On 01/04/2016 07:32 AM, Ajit Kumar Agarwal wrote:
-----Original Message-----
From: Jeff Law [mailto:l...@redhat.com]
Sent: Wednesday, December 23, 2015 12:06 PM
To: Ajit Kumar Agarwal; Richard Biener
Cc: GCC Patches; Vinod Kathail; Shail Aditya Gupta; Vidhumouli Hunsigida;
Nagaraju Mekala
Subject: Re: [Patch,tree-optimization]: Add new path Splitting pass on tree ssa
representation
On 12/11/2015 02:11 AM, Ajit Kumar Agarwal wrote:
Mibench/EEMBC benchmarks (Target Microblaze)
Automotive_qsort1(4.03%), Office_ispell(4.29%), Office_stringsearch1(3.5%).

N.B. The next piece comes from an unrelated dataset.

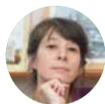
Автор Наталья БОГДАНОВА

Вот так (см. выше) выглядела передовица первого номера газеты «Политехник» – статья, в которой редакция заявляла о своих намерениях открыто говорить обо всём, что волнует студенчество (оригинальный стиль, орфография и пунктуация сохранены).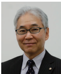
講師： 維新国際特許事務所 弁理士

経験豊富な講師陣との教材を活用したインタラクティブな進行により事業に生きる知財マネジメントの手法について深く掘り下げていきます。

Telecom_adpcm_d( 1.37%), ospfv2_lite(1.35%).
I'm having a real tough time reproducing any of these results. In fact, I'm having a
tough time seeing cases where path splitting even applies to the Mibench/EEMBC
benchmarks >>mentioned above.
In the very few cases where split-paths might apply, the net resulting assembly
code I get is the same with and without split-paths.

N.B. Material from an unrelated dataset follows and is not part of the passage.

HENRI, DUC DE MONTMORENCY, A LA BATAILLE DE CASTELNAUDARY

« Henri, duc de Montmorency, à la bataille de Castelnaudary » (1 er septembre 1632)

How consistent are these results?
I am consistently getting the gains for office_ispell and office_stringsearch1,
telcom_adpcm_d. I ran it again today and we see gains in the same bench mark
tests
with the split path changes.
What functions are being affected that in turn impact performance?

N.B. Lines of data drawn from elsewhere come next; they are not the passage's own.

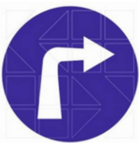
P-50δ, 2 τεμ.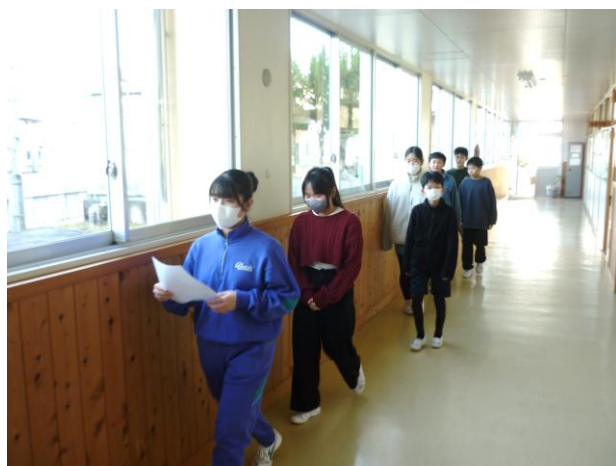
3年生による校舎案内

最初に日程説明を行い、その後で保護者向けに学校説明を行いました。それに並行して小6の皆さんには中学生の授業や学校内を参観してもらいました。その後、1年生の生徒が、小学生の皆さんと保護者の皆さんに対して、明智中学校の行事や生活、部活動などについて、映像資料を交えて説明を行いました。参加した小学生から、「中学校のことがよくわかった。」「中学校への不安が、和らいだ。」などの声が聞かれました。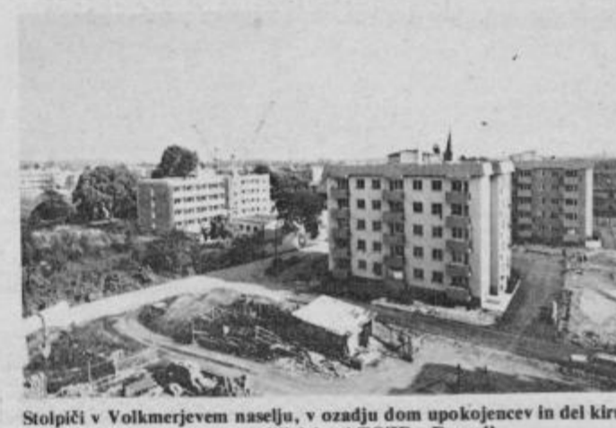
Stolpiči v Volkmerjevem naselju, v ozadju dom upokoencev in del kirurškega oddelka, vse to so zgradili delavci TOZD „Drava“.

For office_ispell: The function are Function "linit (linit, funcdef_no=0,
decl_uid=2535, cgraph_uid=0, symbol_order=2) for lookup.c file".
"Function checkfile (checkfile, funcdef_no=1,
decl_uid=2478, cgraph_uid=1, symbol_order=4)"
" Function correct (correct, funcdef_no=2,
decl_uid=2503, cgraph_uid=2, symbol_order=5)"
" Function askmode (askmode, funcdef_no=24,
decl_uid=2464, cgraph_uid=24, symbol_order=27)"
for correct.c file.
For office_stringsearch1: The function is Function "bmhi_search (bmhi_search,
funcdef_no=1, decl_uid=2178, cgraph_uid=1, symbol_order=5)"
for bmhisrch.c file.
In linit there are two path splitting opportunities. Neither of them
are cases where path splitting exposes any CSE or DCE opportunities at
the tree level. In fact, in both cases there are no operands from the
predecessors that feed into the join (that we duplicate the split the path).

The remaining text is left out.